Biaya untuk mencegah jauh lebih murah
Meski laju pengingkatan jumlah pengidap diabetes di negara berkembang rata-rata lebih tinggi dibanding negara maju, beberapa negara di Asia berhasil mengeremnya antara lain Singapura dan Thailand. Dr Pradana mengatakan, gaya hidup sehat merupakan kunci sukses bagi kedua negara itu.
"Di Thailand, kantin sekolah tidak menjual kembang gula, soft drink dan fast food. Di Singapura, siswa yang gemuk tidak bisa pulang cepat, ada kegiatan khusus yaitu olahraga seusai jam pelajaran. Wajib militer juga dibedakan, jika umumnya hanya 6 bulan maka untuk pemuda yang gemuk waktunya lebih panjang," katanya.
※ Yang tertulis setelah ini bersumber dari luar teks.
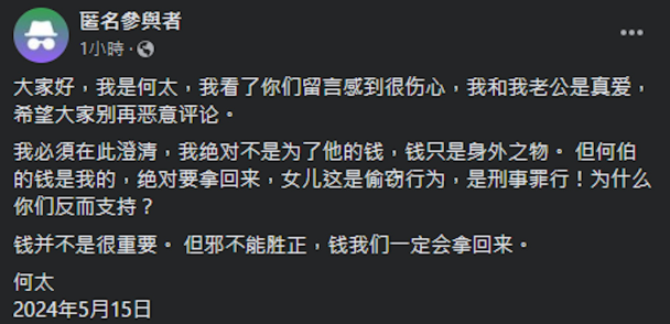 昨日(15日)《东张西望》播出最后一集后,网上的话题亦未有停止的情况,网民除了反应两极外,深夜时分,有位疑似是何太本人亦在群组中发文。这名疑似何太用简体字发文表示有看过大家的留言,更主动澄清与何伯一起并非为了他的钱,但最后又说一定会把钱拿回来:“大家好,我是何太,我看了你们留言感到很伤心,我和我老公是真爱,希望大家别再恶意评论。我必须在此澄清,我绝对不是为了他的钱,钱只是身外之物。但何伯的钱是我的,绝对要拿回来,女儿这是偷窃行为,是刑事罪行!为什麽你们反而支持?钱并不是很重要。但邪不能胜正,钱我们一定会拿回来。”

Sebagai upaya pencegahan, langkah-langkah tersebut sudah cukup efektif mengingat salah satu faktor risiko diabetes adalah kegemukan. Namun bagi yang sudah mengidap diabetes, organisasi kesehatan dunia WHO memberikan 4 langkah untuk mencegah pembengkakan biaya perawatan.
Keempat langkah itu dinilai tidak hanya mudah untuk dilakukan, tetapi juga murah bila dibandingkan dengan biaya yang dibutuhkan jika terjadi komplikasi antara lain impotensi, serangan jantung dan amputasi. Dikutip dari worlddiabetesday, berikut ini adalah 4 langkah yang dimaksud:
- Kontrol gula darah secara minimal tetapi rutin
- Kontrol dan kendalikan tekanan darah secara teratur
- Kaki bagi pengidap diabetes yang berisiko tinggi mengalami luka
- Perawatan sebelum hamil (preconception) bagi perempuan diabetes untuk mencegah diabetes gestational
Sementara itu untuk memperingati Hari Diabetes Dunia yang jatuh pada tanggal 14 November, perusahaan farmasi Sanovi-Aventis Group menggelar kampanye bertema "Doing More Together". Kampanye tersebut dilakukan melalui peluncuran e-baloon, balon elektronik yang melambangkan kepedulian terhadap diabetes.
Sanovi-Aventis yang merupakan partner resmi World Diabetes Day 2010 mengajak siapapun yang peduli terhadap diabetes untuk bersama-sama melepaskan balon elektronik. Caranya dengan mengunjungi www.kendalidiabetes.com dan mengklik balon yang muncul di situs tersebut. (Sumber: detik.com).
Semoga para sahabat bisa menikmati pagi ini.